Ministry of Education and Sports
- Coat of Arms of Uganda

Ministry overview
- Type: Ministry
- Jurisdiction: Government of Uganda
- Headquarters: Kampala, Uganda
- Ministry executive: Janet Museveni, Minister of Education and Sports;
- Website: www.education.go.ug

= Ministry of Education and Sports (Uganda) =

Government ministry of Uganda

The Ministry of Education and Sports (MES), is a cabinet-level ministry of Uganda.
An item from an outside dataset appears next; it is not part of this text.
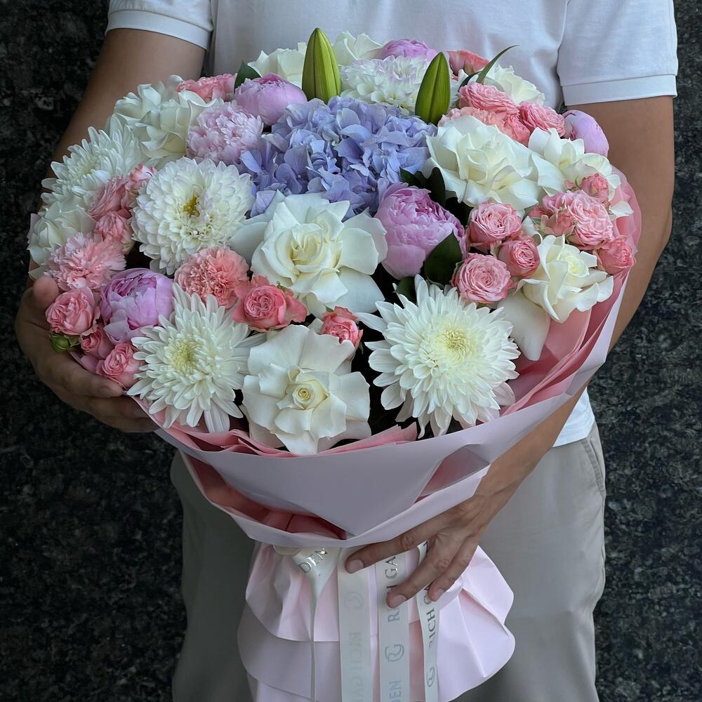 Гортензия – 1 шт. Пион Сара Бернар – 6 шт. Роза – 11 шт. спрей пионовидная роза – 7 шт. георгины – 2 шт. Хризантема одноголовая – 4 шт. Рускус – 5 шт. бумага дизайнерская – 1 шт. Диантус – 3 шт. Лилия – 1 шт.

It is mandated "to provide technical support, guide, coordinate, regulate and promote quality education, training and sports to all persons in Uganda for national integration, development and individual advancement", according to the website of the ministry.

==Location==
The headquarters of the ministry are located in Embassy House, on King George VI Way, at the corner with Parliament Avenue, in the Central Division of Kampala, Uganda's capital and largest city. The coordinates of the ministry headquarters are:0°18'50.0"N, 32°35'15.0"E (Latitude:0.313889; Longitude:32.587500).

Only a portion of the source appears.